RE: ISSUE-3: REPORTED: Lack of anonymous individuals

Hello,

You can use bnodes in RDF data arbitrarily. Take a look at

http://www.w3.org/TR/rdf-primer/#structuredproperties

There, you'll see triples containing identifies form _:xxx; all of these are bnodes. Each such identifier is taken to represent one
existentially quantified variables.



The bnodes in RDF are the same as labelled nulls in databases. Database people have studied in depth what kind of semantics is
appropriate for null values. A really good paper on this topic is the following:

Tomasz Imielinski, Witold Lipski Jr.: Incomplete Information in Relational Databases. J. ACM 31(4): 761-791 (1984)

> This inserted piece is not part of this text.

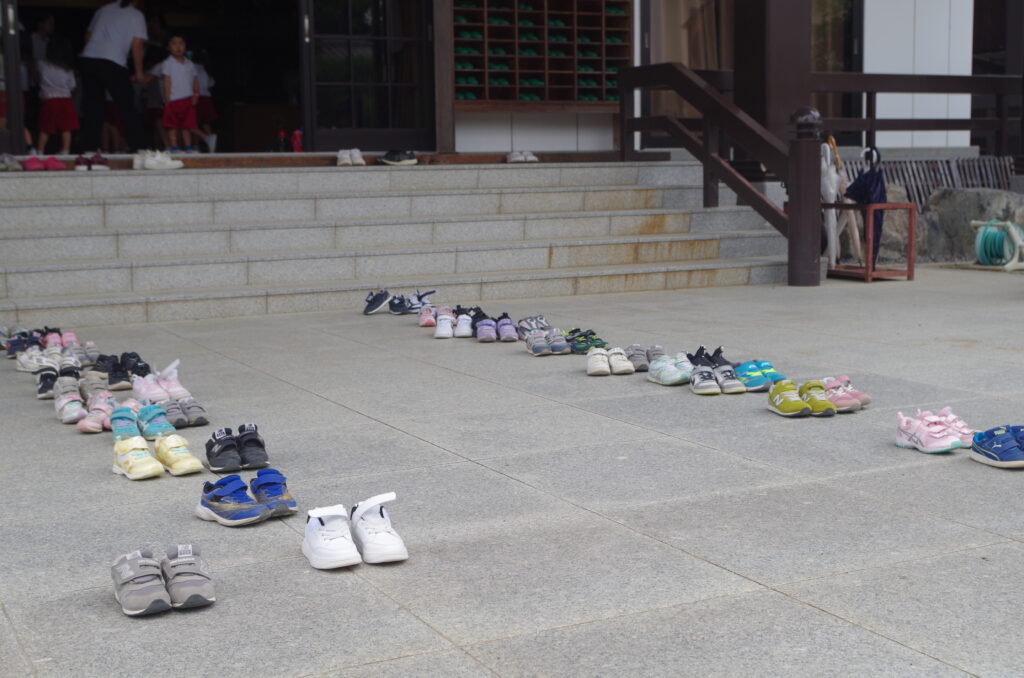 何と本堂の中で大勢の幼児たちが楽しそうに何かをしています。ふと階段下に目をやると、脱いだ靴が写真のように見事に揃えられているではありませんか。メンバー全員がこれを見て、豊かな気持ちになったと目を細めていました。

The practical consequences, however, are rather severe: answering queries with labelled nulls is NP-complete. This is one of the
main reasons why practical database systems don't implement labelled nulls. (Another reason is that your answers are not so much
better even if you use labelled nulls.)

Boris 


> -----Original Message-----
> From: Giorgos Stoilos [mailto:gstoil@image.ece.ntua.gr]
> Sent: 09 November 2007 10:18
> To: 'Boris Motik'
> Cc: public-owl-wg@w3.org
> Subject: RE: ISSUE-3: REPORTED: Lack of anonymous individuals
> 
> 
> 
> > -----Original Message-----
> > From: Boris Motik [mailto:boris.motik@comlab.ox.ac.uk]
> > Sent: Thursday, November 08, 2007 2:14 PM
> > To: gstoil@image.ece.ntua.gr; public-owl-wg@w3.org; 'Carsten Lutz'
> > Subject: RE: ISSUE-3: REPORTED: Lack of anonymous individuals
> >
> > Hello,
> >
> > Here is an explanation how anonymous individuals in ABoxes correspond to
> > conjunctive queries. I will use a "pidgin" LaTeX
> > first-order logic notation for this. I'll use _:x for anonymous
> > individuals, and I'll use != for inequality (DifferentFrom)
> > assertions and & for conjunction.
> >
> >
> > Imagine you have an ABox A containing the following assertions:
> >
> > (1)  hor(_:1,_:2)
> > (2)  ver(_:2,_:3)
> > (3)  ver(_:1,_:4)
> > (4)  hor(_:4,_:5)
> > (5)  _:3 != _:5
> >
> > Under the traditional semantics, anonymous individuals are actually
> > existentially quantified variables. Hence, the ABox A is
> > actually equivalent to the following first-order formula \varphi:
> 
> Hello,
> 
> But is it possible to have the above statements in OWL 1.1? Since _:3 and
> _:5 are anonymous how can you refer to them in this difference assertion
> (!=)?
> 
> Greetings,
> -gstoil

Received on Friday, 9 November 2007 10:51:07 UTC